Task item - Would you return the listing that follows exactly, leaving its pictures behind?

Provided material -
== Segment start ==

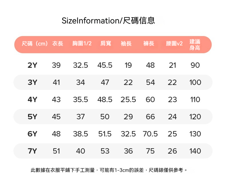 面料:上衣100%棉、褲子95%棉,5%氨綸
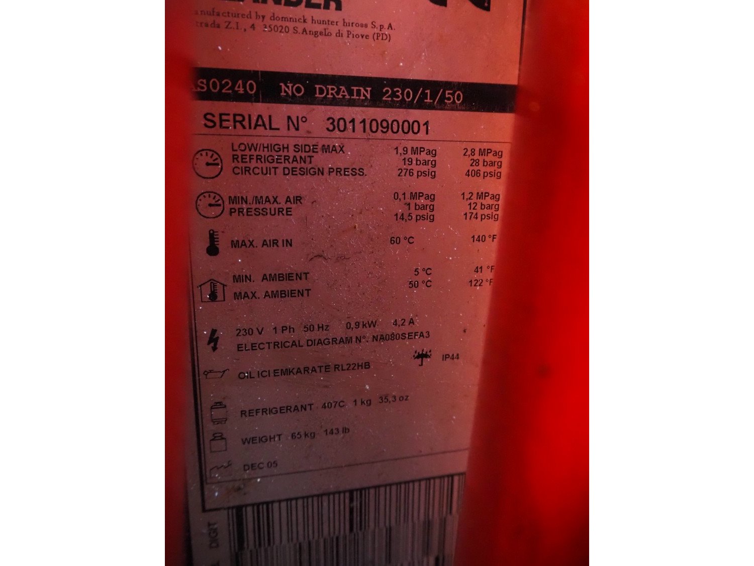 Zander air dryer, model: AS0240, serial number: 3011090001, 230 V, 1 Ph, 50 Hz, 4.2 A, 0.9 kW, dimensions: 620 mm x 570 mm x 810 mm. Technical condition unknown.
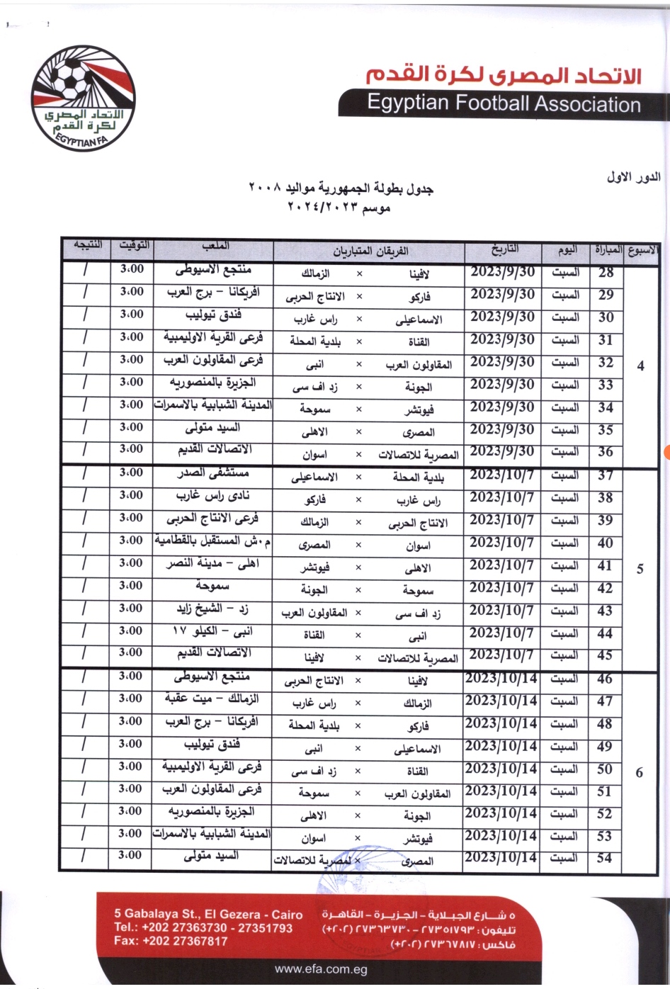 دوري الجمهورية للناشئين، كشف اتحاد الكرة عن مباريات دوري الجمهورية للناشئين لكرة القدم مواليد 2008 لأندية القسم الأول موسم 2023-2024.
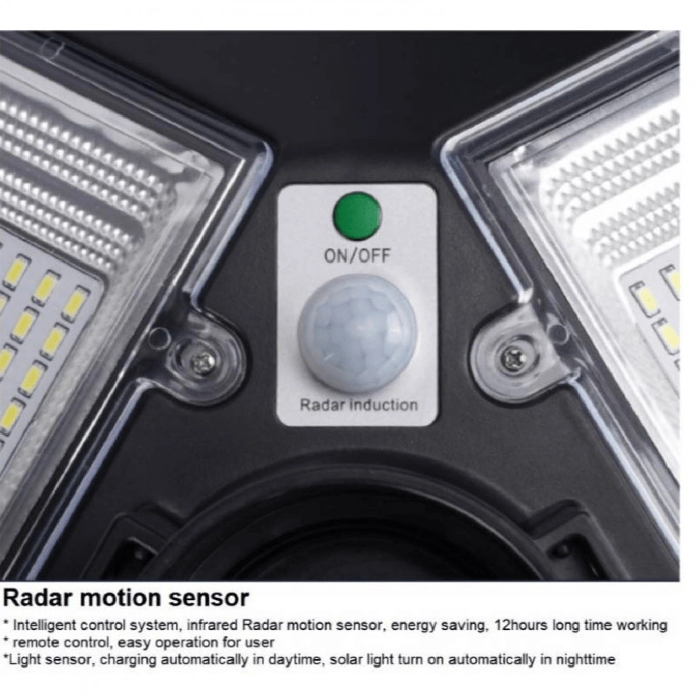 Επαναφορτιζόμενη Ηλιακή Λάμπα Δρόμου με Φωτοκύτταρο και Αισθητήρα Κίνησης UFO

== Segment end ==

Result for this exercise -
 面料:上衣100%棉、褲子95%棉,5%氨綸
 Zander air dryer, model: AS0240, serial number: 3011090001, 230 V, 1 Ph, 50 Hz, 4.2 A, 0.9 kW, dimensions: 620 mm x 570 mm x 810 mm. Technical condition unknown.
 دوري الجمهورية للناشئين، كشف اتحاد الكرة عن مباريات دوري الجمهورية للناشئين لكرة القدم مواليد 2008 لأندية القسم الأول موسم 2023-2024.
 Επαναφορτιζόμενη Ηλιακή Λάμπα Δρόμου με Φωτοκύτταρο και Αισθητήρα Κίνησης UFO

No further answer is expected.